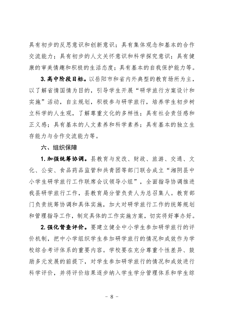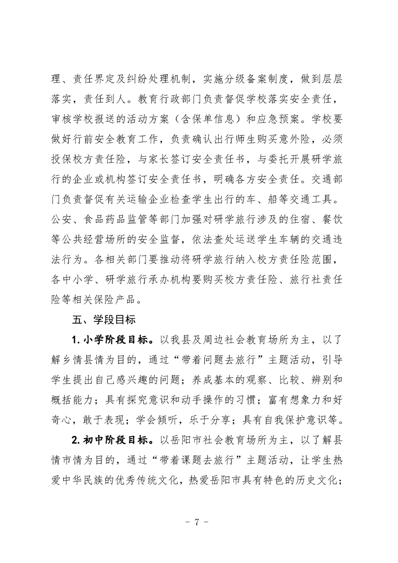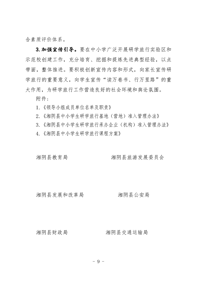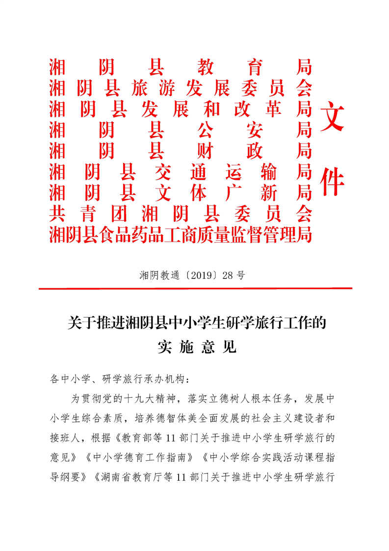 关于推进湘阴县中小学生研学旅行工作的实施意见
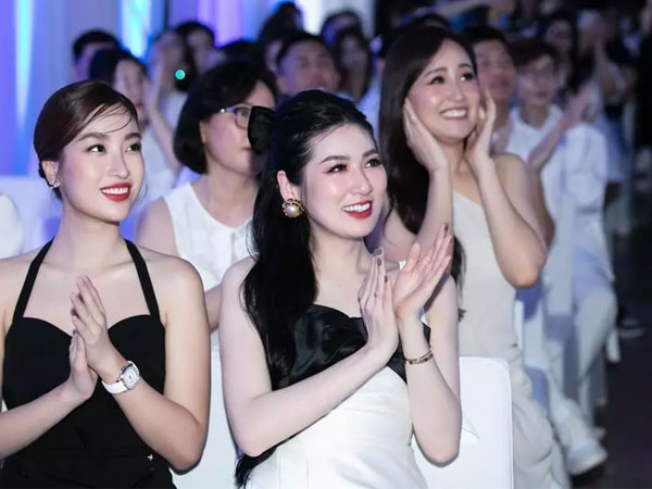 Tất cả khách mời show Noo Phước Thịnh diện đồ màu trắng, trong khi Đỗ Mỹ Linh một mình một kiểu với tông đen.
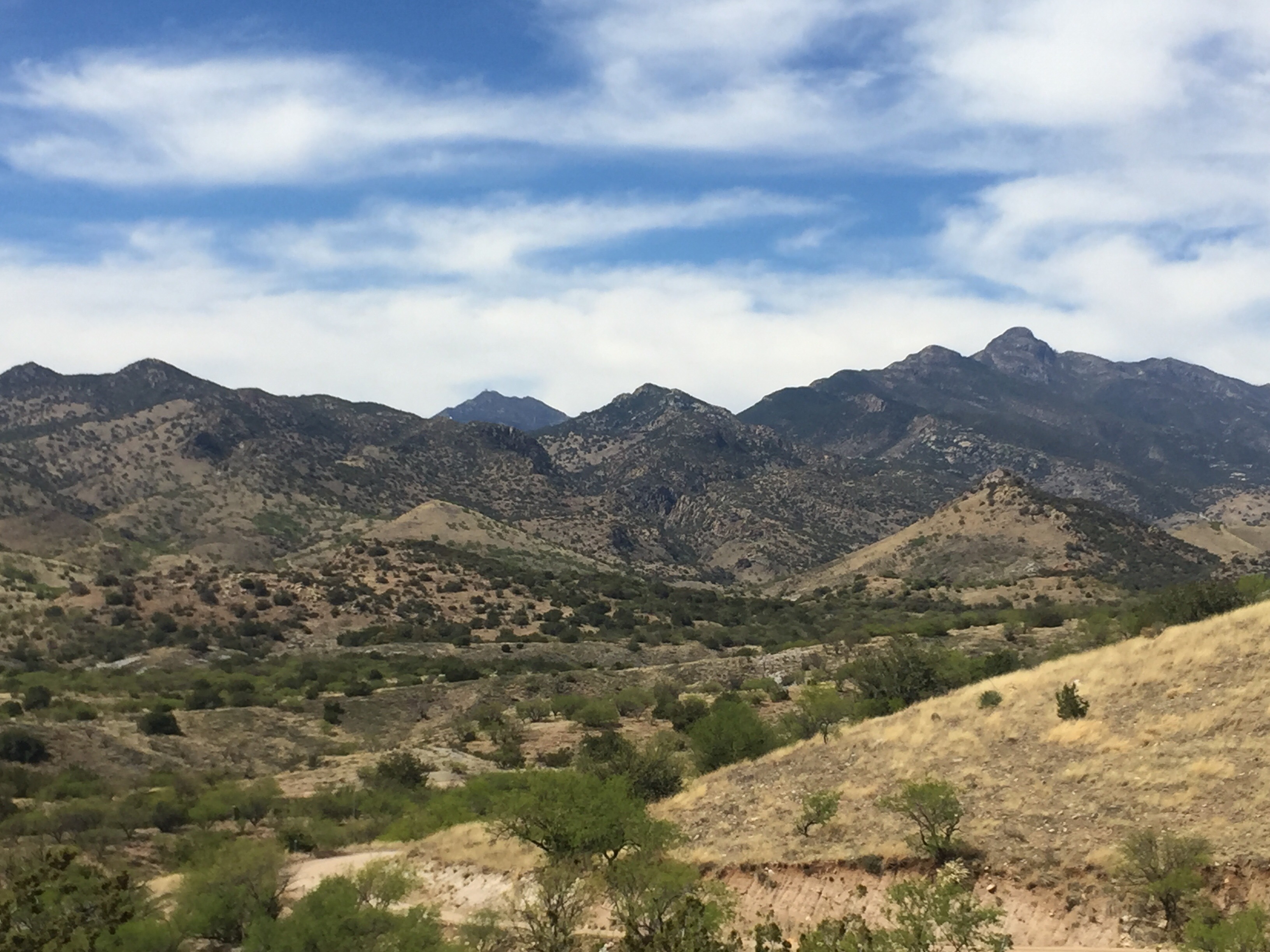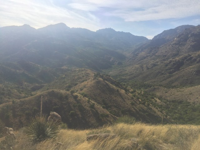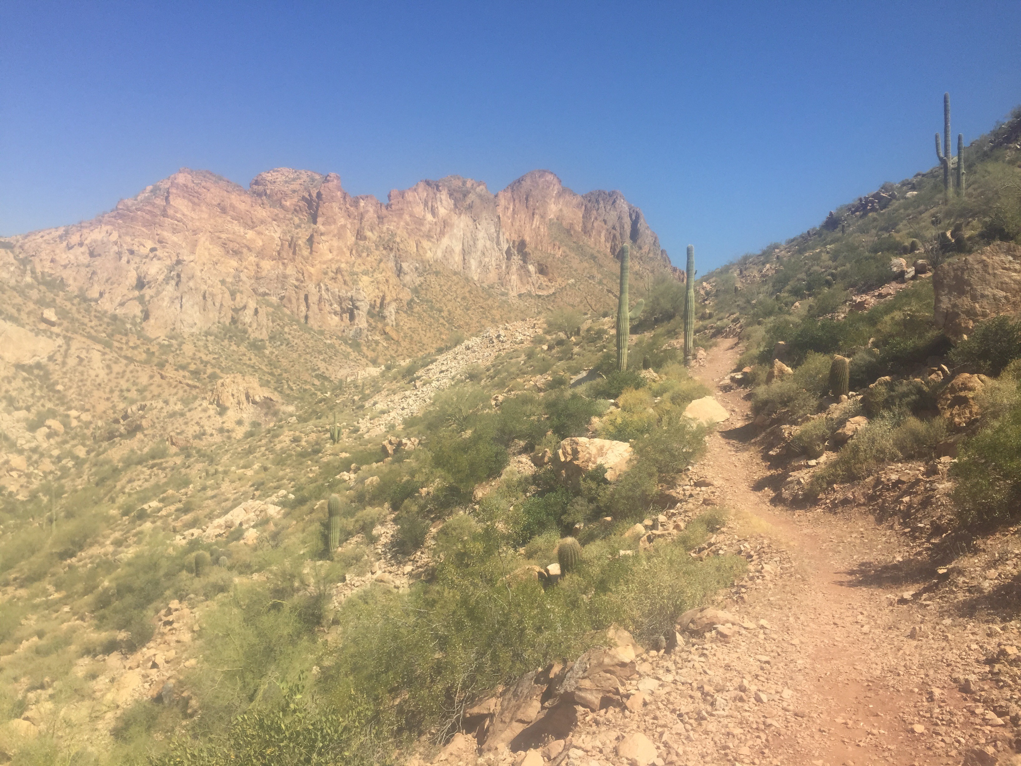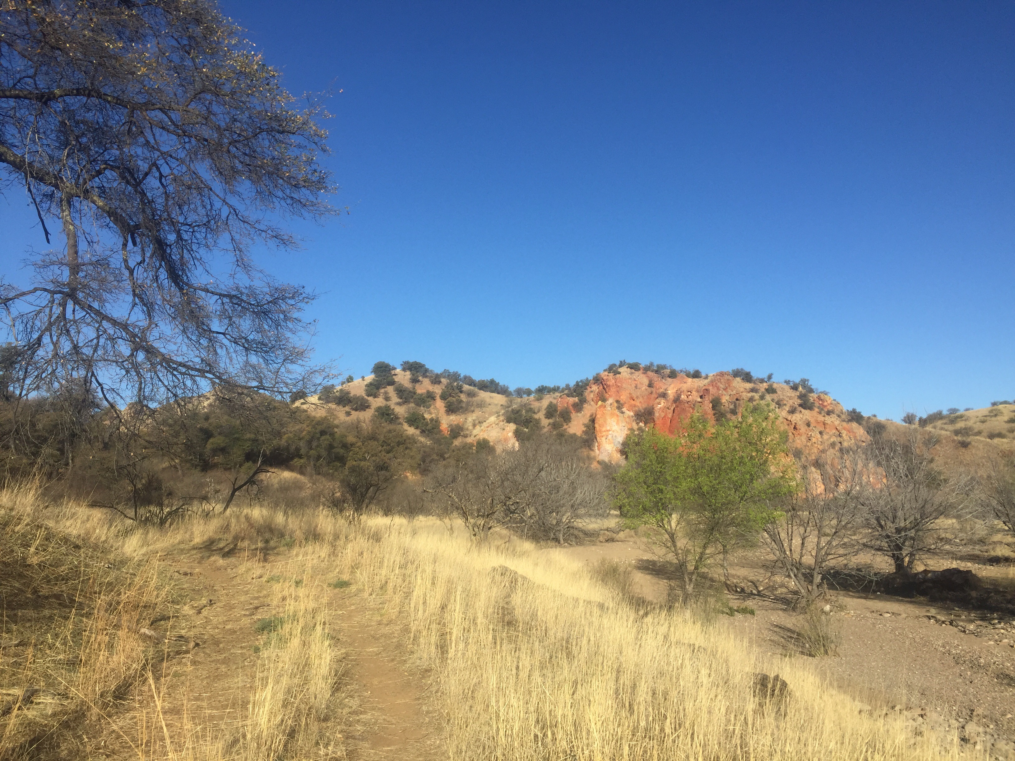 The trail has been easy walking today as we even hit a 3 mile per hour pace for a bit. I’m back to my trusty pair of Salomon trail runners in hopes my feet return to normal. We hiked together most of the day chatting away the miles! We can still see Mt Lemmon and know where Summerhaven is from a distance. This trail has been gorgeous each day. We saw dozens of bunnies today and lots of birds singing. We also spotted a strange red and yellow snake that quickly slithered away before we took take a picture.

> _What is expected_: All of the data is to be transcribed exactly, with images omitted.

> _Reply_:
 关于推进湘阴县中小学生研学旅行工作的实施意见
 Tất cả khách mời show Noo Phước Thịnh diện đồ màu trắng, trong khi Đỗ Mỹ Linh một mình một kiểu với tông đen.
 The trail has been easy walking today as we even hit a 3 mile per hour pace for a bit. I’m back to my trusty pair of Salomon trail runners in hopes my feet return to normal. We hiked together most of the day chatting away the miles! We can still see Mt Lemmon and know where Summerhaven is from a distance. This trail has been gorgeous each day. We saw dozens of bunnies today and lots of birds singing. We also spotted a strange red and yellow snake that quickly slithered away before we took take a picture.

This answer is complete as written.